# 15.2 The cross-match algorithm

The cross-match algorithm used for Gaia DR3 follows the general principles and implementation of the one used in Gaia DR2, however we added new functionalities to address most of the issues found in the previous Gaia releases cross-match results. The cross-match results consist in two separate tables, the best_neighbour table, with the best matches, and the neighbourhood table which includes the best and additional matches which are less probable according to the algorithm we use, but which could still be a possible match.

In the following a brief the description of the cross-match algorithm is presented. The algorithm is not symmetric and a distinction between large dense surveys (where Gaia is the leading catalogue) and sparse catalogues (where Gaia is the second catalogue) is used. External catalogues are defined as dense surveys when it is possible to define a precise (i.e. based on a reasonable number of objects) and accurate (i.e. local) density around the majority of their objects. For the dense surveys the algorithm allows many-to-one matches, so that the higher Gaia resolution can be accounted for. In the best_neighbour table multiple Gaia sources matching with a single external catalogue source can be found (mates). The algorithm is positional and does not use photometric information (see Marrese et al. 2017 for a discussion of the general principles of the adopted algorithm). It uses the positions, their errors, their correlation and, when available, parallax, proper motions and the corresponding errors and correlations to move Gaia objects at the epoch of the external catalogue candidate match. When Gaia proper motions are not available, the position errors are broadened in order to account for the differences in observation epoch between catalogues.

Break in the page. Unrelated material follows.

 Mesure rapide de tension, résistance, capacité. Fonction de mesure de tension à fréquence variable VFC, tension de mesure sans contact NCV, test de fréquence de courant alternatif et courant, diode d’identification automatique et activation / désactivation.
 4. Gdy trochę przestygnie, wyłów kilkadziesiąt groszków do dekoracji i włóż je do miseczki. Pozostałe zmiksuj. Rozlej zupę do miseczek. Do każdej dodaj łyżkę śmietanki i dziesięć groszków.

An analysis of the cross-match results for DR2, showed that there are some effects that can jeopardise the cross-match by preventing sources to be matched and/or by making the matches less reliable, namely a) presence of multiples and/or duplicates in the external catalogues, b) underestimation of astrometric errors in the external catalogues, c) small issues in Gaia astrometry, especially for bright stars, and d) when an external catalogue source is resolved in Gaia, then all the Gaia sources corresponding to that external catalogue source can be too far to be matched. Binarity/variability is also affecting the cross-match when it has astrometric effects. However, we did not try to define a special treatment for binary/variable sources in Gaia DR3 cross-match, but we will wait for Gaia data.

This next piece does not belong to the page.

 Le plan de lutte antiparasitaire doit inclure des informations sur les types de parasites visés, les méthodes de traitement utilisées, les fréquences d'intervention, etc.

When dealing with these issues we applied the following principles:

• a)

if an external catalogue source is being matched with a Gaia source with no proper motions, then a position error broadening is applied and none of the other special treatment is applied;

• b)

if an external catalogue source is being matched with a Gaia source with proper motions and a match is not found, then

• b1)

if the external catalogue source is flagged as resolved in Gaia, then the corresponding procedure is applied,

• b2)

if a match is not found, then the procedure to account for the underestimation of positional errors in the external catalogues is applied,

• b3)

if a match is not found, then the procedure to account for the small issues in Gaia astrometry (based on ipd_gof_harmonic_amplitude and ruwe values) is applied.

In the cross-match output tables (best_neighbour and neighbourhood) is present an xm_Flag which allows users to know which special treatments were applied in the cross-matching of that particular pair of sources. This flag is a bitmask (e.g., a value of 42 means that bits 2, 8, and 32 are all true). The bits are defined as:

• 0 = Initial value; resets all bits.

• 1 = The external catalogue object has one or more multiples. This means that there is at least another object with exactly the same astrometry.

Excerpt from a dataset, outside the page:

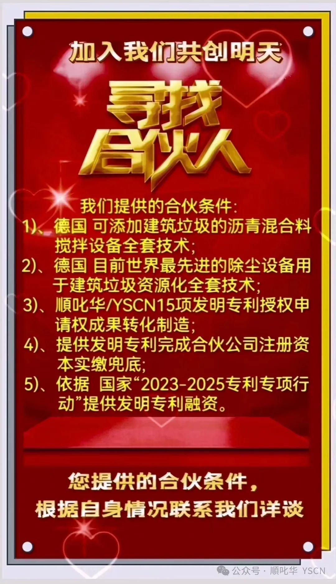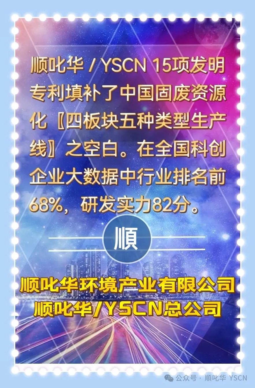 順叱华/YSCN是由15项授权申请权发明专利支撑的产品集成出品商和伴随服务商,该15項发明专利填补了中国固废资源化 “生产线” 空白。

• 2 = The external catalogue object has one or more suspected duplicates. This means that there is at least another object much closer than the catalogue angular resolution.

• 4 = The external catalogue object is resolved in Gaia.

• 8 = The Gaia object has a five parameters astrometric solution.

• 16 = The Gaia object has a two parameters astrometric solution.

• 32 = The external catalogue object is matched only after the special treatment for sources with under-estimated position errors.

• 64 = The external catalogue object is matched only after the special treatment for Gaia sources with large values of ipd_gof_harmonic_amplitude or ruwe.

For a detailed description of gaia_source columns ipd_gof_harmonic_amplitude and ruwe , see Chapter 4.

Details on the cross-match algorithms used for Gaia are given in Marrese et al. (2017) and Marrese et al. (2019).